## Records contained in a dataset
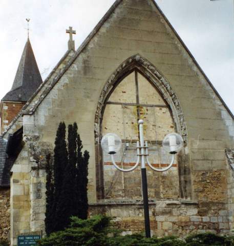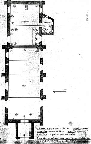 Dédiée à saint Maclou, l’église de Conteville dépendait de l’évêque de Dol-de-Bretagne. Son plan se caractérise par une nef de trois travées du XIIIe s. et un chœur en retrait à chevet plat reconstruit au XVIe siècle. La couverture est en ardoises. On accède à l’église par un clocher-porche bâti à l’ouest de la nef au XVIIIe siècle. Il est construit en appareil de briques et de pierres de taille, et coiffé d’une flèche polygonale. Une sacristie est accolée à la paroi nord du chœur. L’ensemble de l’édifice est couvert d’une voûte en bardeau soutenue par une charpente du XVe s. à l’ornementation soignée. L’arc triomphal à l’entrée du chœur est décoré d’un tore. Les trois baies en tiers-point du mur sud de la nef datent de la Renaissance: Parmi le mobilier, il convient de signaler les fonts baptismaux du XIIe s. ainsi que le maître-autel d’époque Louis XV surmonté de son dais à lambrequin. A proximité de l’église, un monument a été érigé en l’honneur de l’abbé Gilles François Rever de Beauvez (1753-1828), curé de la paroisse de 1784 à sa mort et l’une des figures les plus marquantes du département. En dépit des importants travaux de restauration menés en 1893 par Chavlon, architecte à Pont-Audemer, l’église de Conteville conserve encore un cachet particulier qui lui vaut de figurer dans le « Circuit des églises romanes du canton de Beuzeville ». En 1999, la Sauvegarde de l’Art français a accordé une subvention de 50 000 F pour la restauration du pignon ouest.
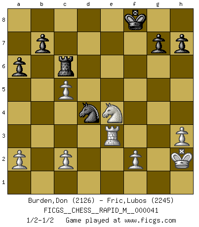 Last move : 1/2-1/2 2011 July 1 19:8:11 [Event "FICGS__CHESS__RAPID_M__000041"] [Site "FICGS"] [Date "2011.02.12"] [Round "1"] [White "Burden,Don"] [Black "Fric,Lubos"] [Result "1/2-1/2"] [WhiteElo "2126"] [BlackElo "2245"] 1.e4 c5 2.Nf3 d6 3.d4 cxd4 4.Nxd4 Nf6 5.Nc3 a6 6.h3 e6 7.g4 d5 8.exd5 Nxd5 9.Nde2 Bb4 10.Bg2 O-O 11.O-O Bxc3 12.bxc3 Qc7 13.Bxd5 exd5 14.Qxd5 Be6 15.Bf4 Bxd5 16.Bxc7 Nc6 17.Ng3 Rac8 18.Rfd1 Rxc7 19.Rxd5 Ne7 20.Rd3 Ng6 21.Ne4 f5 22.gxf5 Rxf5 23.Rd8+ Rf8 24.Rxf8+ Kxf8 25.Re1 Nf4 26.Kh2 Rc6 27.c4 Ne6 28.Re3 Nd4 29.c5 1/2-1/2 Sicilian : Najdorf, Adams attack Kingside Castling by player Black (move 10) Kingside Castling by player White (move 11) This chess game ended in a draw. Follow this game move after move (download)The combination player thinks forward; he starts from the given position, and tries the forceful moves in his mind. (Emanuel Lasker) Wie gewinnt Tal? Er entwickelt alle seine Figuren in die Brettmitte und opfert sie dann irgendwo. (Robert James Fischer) Tu sabes que vas a perder. Aún cuando tenía la ventaja, yo sabía que iba a perder. - al estar jugando con Fischer (Andrew Soltis) La vie est comme un jeu d'échecs : nous esquissons un plan, mais celui-ci est tributaire de ce que daignent faire l'adversaire aux échecs et le destin dans la vie. (Arthur Schopenhauer) Over-the-board chess is the favorite of mortals, correspondence chess is the favorite of the gods. (Eduard Dyckhoff)
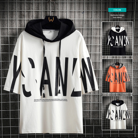 新款夏季连帽卫衣短袖T恤休闲港风文艺五分袖宽松韩版半袖
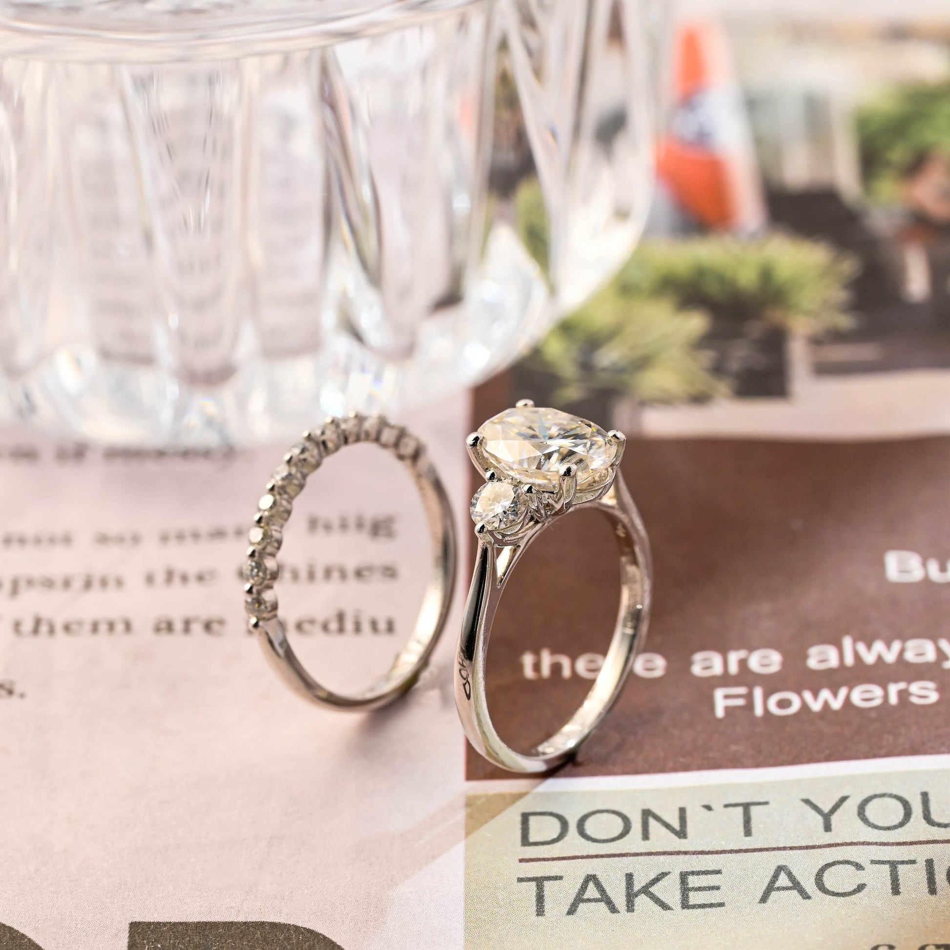 Our jewelry is crafted with simulant diamonds, moissanite, natural diamonds, lab-grown diamonds, and fine metals like 925 silver (with gold plating) and solid 10K, 14K, and 18K gold in white, yellow, and rose gold.
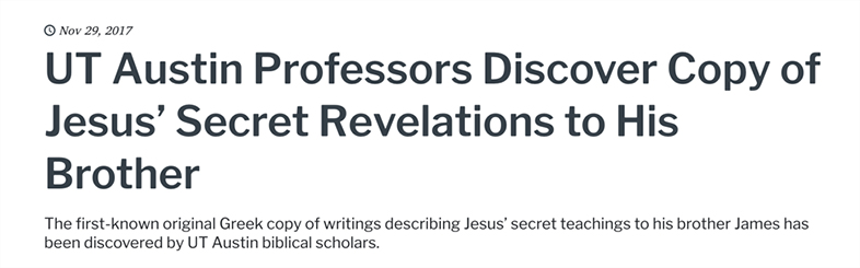 UT News. (2017, November 29). UT Austin Professors Discover Copy of Jesus’ Secret Revelations to His Brother. Retrieved from https://news.utexas.edu/2017/11/29/ut-austin-professors-discover-copy-of-jesus-secret-teaching/

## Task details
In the data above, the line containing "新款夏季连帽卫衣短袖T恤休闲港风文艺五分袖宽松韩版半袖" and all lines after it are to be reproduced exactly, leaving out the pictures.

## Your solution
 新款夏季连帽卫衣短袖T恤休闲港风文艺五分袖宽松韩版半袖
 Our jewelry is crafted with simulant diamonds, moissanite, natural diamonds, lab-grown diamonds, and fine metals like 925 silver (with gold plating) and solid 10K, 14K, and 18K gold in white, yellow, and rose gold.
 UT News. (2017, November 29). UT Austin Professors Discover Copy of Jesus’ Secret Revelations to His Brother. Retrieved from https://news.utexas.edu/2017/11/29/ut-austin-professors-discover-copy-of-jesus-secret-teaching/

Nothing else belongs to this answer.